Today is a very special day: World Elephant Day!
For the past four years, today has served as “a rallying call for people to support organizations that are working to stop the illegal poaching and trade of elephant ivory and other wildlife products, protect wild elephant habitat, and provide sanctuaries and alternative habitats for domestic elephants to live freely.”
I love elephants, in case the name of my blog didn’t make that obvious. I think they are incredibly beautiful and majestic creatures, but they need our help!
To celebrate today, here are some of my favorite facts about some of my favorite animals:
- There are two species of elephant, the African and the Asian elephant. However, there is some suspicion that there might actually be a third species of elephant the roams the forests of Africa.
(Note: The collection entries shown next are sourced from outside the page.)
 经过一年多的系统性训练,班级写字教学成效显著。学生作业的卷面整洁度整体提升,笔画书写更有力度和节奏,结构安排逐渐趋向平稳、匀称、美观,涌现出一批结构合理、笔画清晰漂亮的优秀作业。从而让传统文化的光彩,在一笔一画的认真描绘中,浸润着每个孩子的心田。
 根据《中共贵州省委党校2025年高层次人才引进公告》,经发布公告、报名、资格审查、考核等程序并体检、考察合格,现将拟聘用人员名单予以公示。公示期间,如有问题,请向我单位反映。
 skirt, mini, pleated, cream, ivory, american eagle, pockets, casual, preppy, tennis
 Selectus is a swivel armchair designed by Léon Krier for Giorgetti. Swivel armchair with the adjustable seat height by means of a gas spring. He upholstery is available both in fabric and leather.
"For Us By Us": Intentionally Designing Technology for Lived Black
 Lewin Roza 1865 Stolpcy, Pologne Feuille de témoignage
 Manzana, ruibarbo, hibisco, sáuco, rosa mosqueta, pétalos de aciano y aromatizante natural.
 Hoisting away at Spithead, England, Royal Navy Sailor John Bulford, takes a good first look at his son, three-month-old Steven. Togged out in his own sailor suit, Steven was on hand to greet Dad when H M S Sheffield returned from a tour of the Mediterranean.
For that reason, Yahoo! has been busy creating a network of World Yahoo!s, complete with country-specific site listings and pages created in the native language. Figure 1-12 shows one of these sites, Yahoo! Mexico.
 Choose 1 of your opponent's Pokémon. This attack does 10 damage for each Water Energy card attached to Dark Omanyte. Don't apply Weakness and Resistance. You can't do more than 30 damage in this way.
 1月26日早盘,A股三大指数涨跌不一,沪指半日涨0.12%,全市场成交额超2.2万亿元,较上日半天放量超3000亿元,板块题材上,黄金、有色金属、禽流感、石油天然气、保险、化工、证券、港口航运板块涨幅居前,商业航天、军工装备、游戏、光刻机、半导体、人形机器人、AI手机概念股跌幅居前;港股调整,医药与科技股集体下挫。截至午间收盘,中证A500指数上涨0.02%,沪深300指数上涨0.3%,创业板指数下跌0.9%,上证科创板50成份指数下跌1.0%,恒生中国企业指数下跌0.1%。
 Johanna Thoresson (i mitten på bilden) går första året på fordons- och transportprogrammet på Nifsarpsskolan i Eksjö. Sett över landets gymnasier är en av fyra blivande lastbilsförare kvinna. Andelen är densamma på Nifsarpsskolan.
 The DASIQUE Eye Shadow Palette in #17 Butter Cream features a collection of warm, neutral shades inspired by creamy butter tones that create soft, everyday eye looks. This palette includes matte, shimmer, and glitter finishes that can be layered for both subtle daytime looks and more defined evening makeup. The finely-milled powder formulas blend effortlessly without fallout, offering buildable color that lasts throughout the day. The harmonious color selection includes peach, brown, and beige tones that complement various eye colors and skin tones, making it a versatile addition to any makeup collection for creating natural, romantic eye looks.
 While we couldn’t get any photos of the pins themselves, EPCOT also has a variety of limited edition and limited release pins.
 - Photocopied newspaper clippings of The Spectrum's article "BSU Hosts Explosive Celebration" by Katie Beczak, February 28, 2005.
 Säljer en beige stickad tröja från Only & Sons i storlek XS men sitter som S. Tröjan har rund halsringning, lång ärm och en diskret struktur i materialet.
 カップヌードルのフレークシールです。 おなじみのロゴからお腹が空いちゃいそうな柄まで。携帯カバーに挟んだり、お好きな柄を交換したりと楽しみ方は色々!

There are under 40,000 Asian elephants in the world, and it is a threatened species, and there are under 400,000 African elephants, and it is a threatened species.
- The African and Asian elephants are the world’s largest and second largest land animals, respectively. Both weight well over 5 tons!
- Elephants are heavily poached around the world, and a single elephant tusk can be sold for an incredible amount of money, usually starting around $15,000.
- The famed elephants of the Ringling Bros. circus performed their final act in May of this year, and have now settled into retirement.
- Around 100 African elephants are killed by poachers every day.
- 2016 has been a bright year for elephants, because it is the first year since 2009 that “the mean estimate of the Proportion of Illegally Killed Elephants (PIKE) dropped below 5 percent for first time since 2009, according to a report prepared for the 17th Conference of the Parties (CoP17) of CITES to be held in Johannesburg in September. PIKE is a key measure of poaching pressure and the 5 percent level is significant as this is considered to be the normal growth rate of elephant populations. So PIKE levels above 5 percent mean that elephant populations are likely to be declining; levels below 5 percent imply the possibility of recovery.”
- Elephants are known to purr like cats in order to communicate.
- If you think your brain is large, don’t flatter yourself. Elephants have the largest brains of any land animal.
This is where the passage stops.